WHAT THE TASK ASKS: Every line from the first one in the data below through the line holding "Ce dossier contient" is to be written out exactly, with the pictures omitted.

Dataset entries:
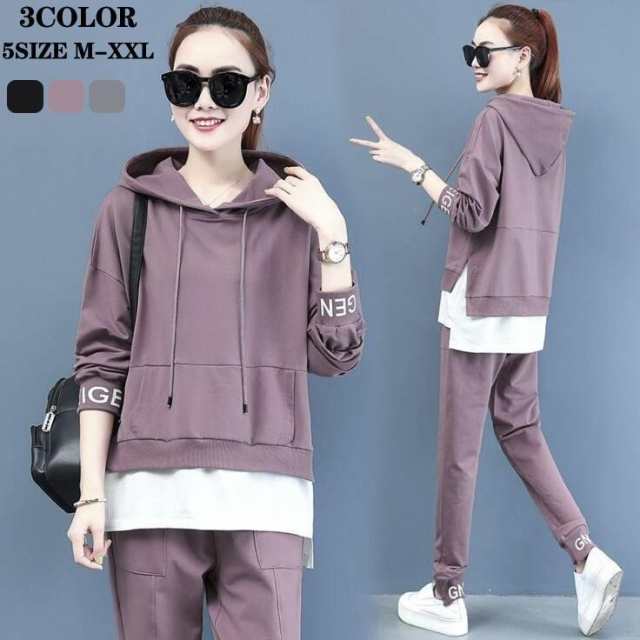 ジャージ レディース 上下 おしやれ 春秋 長袖 セットアップ カジュアル 40代 2点セット スウェット トレーナー スポーツウェア 運動服 部屋着 韓国風 着痩せ
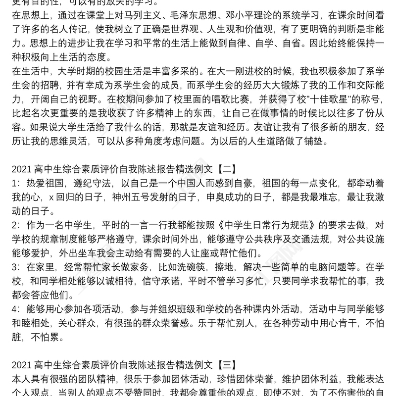 2021高中生綜合素質(zhì)評(píng)價(jià)自我陳述報(bào)告精選例文 Array
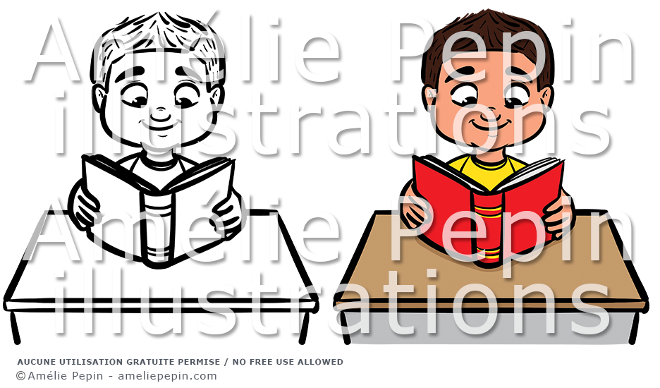 Ce dossier contient 6 modèles d'enfants qui lisent un livre assis à leur pupitre avec quelques choix de couleurs de peau.
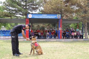 Burada özel eğitimli köpeklerin bomba arama, itaat, yanıcı madde bulma, engel parkurundan geçiş gibi çeşitli gösterilerini büyük bir ilgiyle izleyen öğrenciler gösterinin ardından köpeklerle yakından ilgilendi.
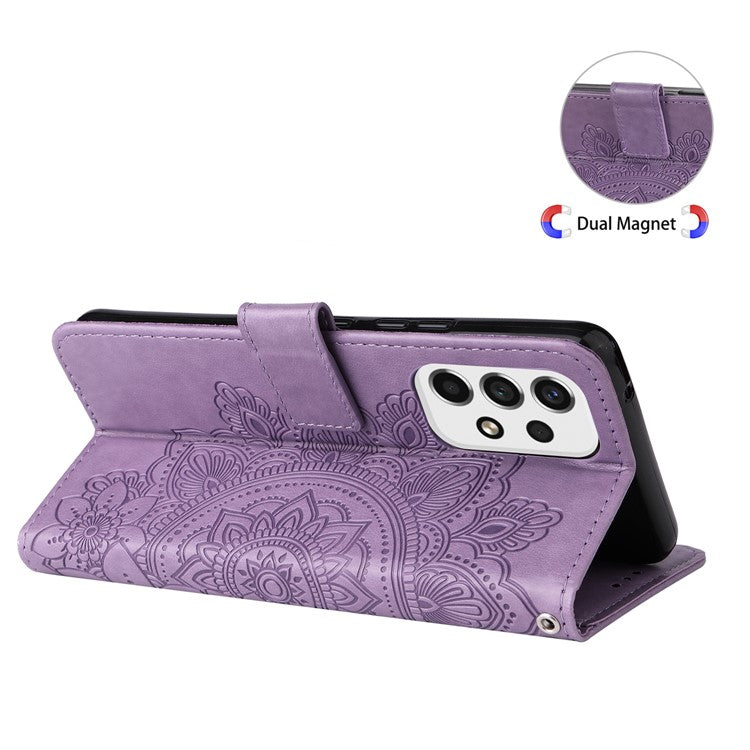 Well-protected Imprinting Flower Double-sided Magnetic Clasp PU Leather Stand Wallet Phone Case Cover with Hand Strap for Samsung Galaxy A53 5G - Purple
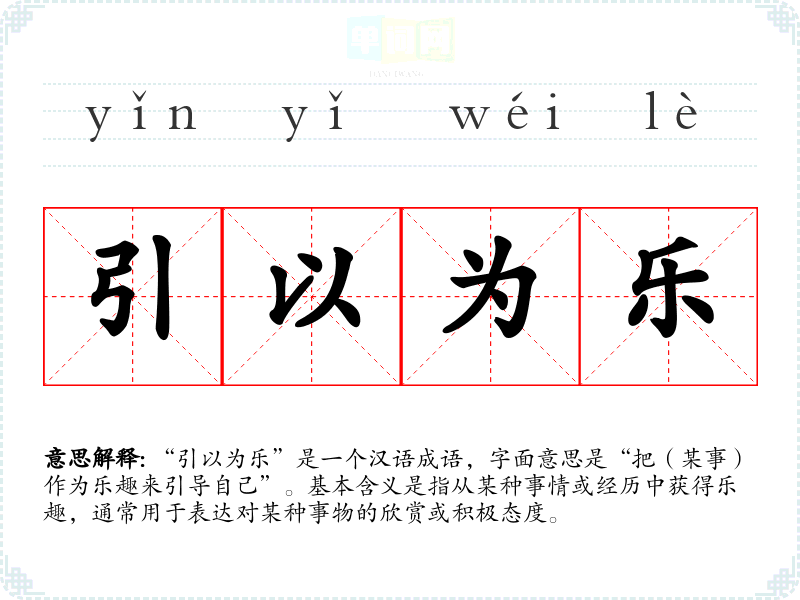 “引以为乐”是一个汉语成语,字面意思是“把(某事)作为乐趣来引导自己”。基本含义是指从某种事情或经历中获得乐趣,通常用于表达对某种事物的欣赏或积极态度。
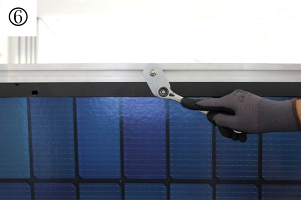 Einsetzen des bifacialen Moduls, Montage mittels 4 Modulverbindern und Befestigungsmaterial an den waagrechten Koppelungsprofilen.
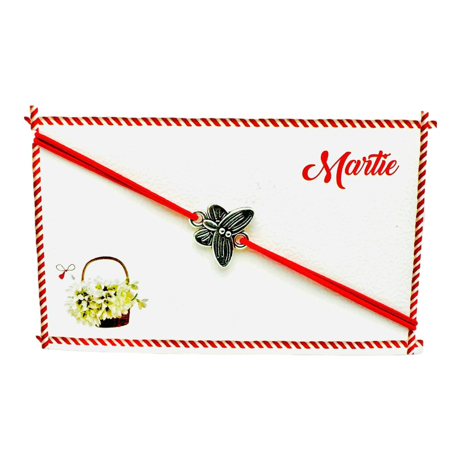 Bratara reglabila Martisor, snur elastic, Fluturas, model 2025,

EXPECTED ANSWER:
 ジャージ レディース 上下 おしやれ 春秋 長袖 セットアップ カジュアル 40代 2点セット スウェット トレーナー スポーツウェア 運動服 部屋着 韓国風 着痩せ
 2021高中生綜合素質(zhì)評(píng)價(jià)自我陳述報(bào)告精選例文 Array
 Ce dossier contient 6 modèles d'enfants qui lisent un livre assis à leur pupitre avec quelques choix de couleurs de peau.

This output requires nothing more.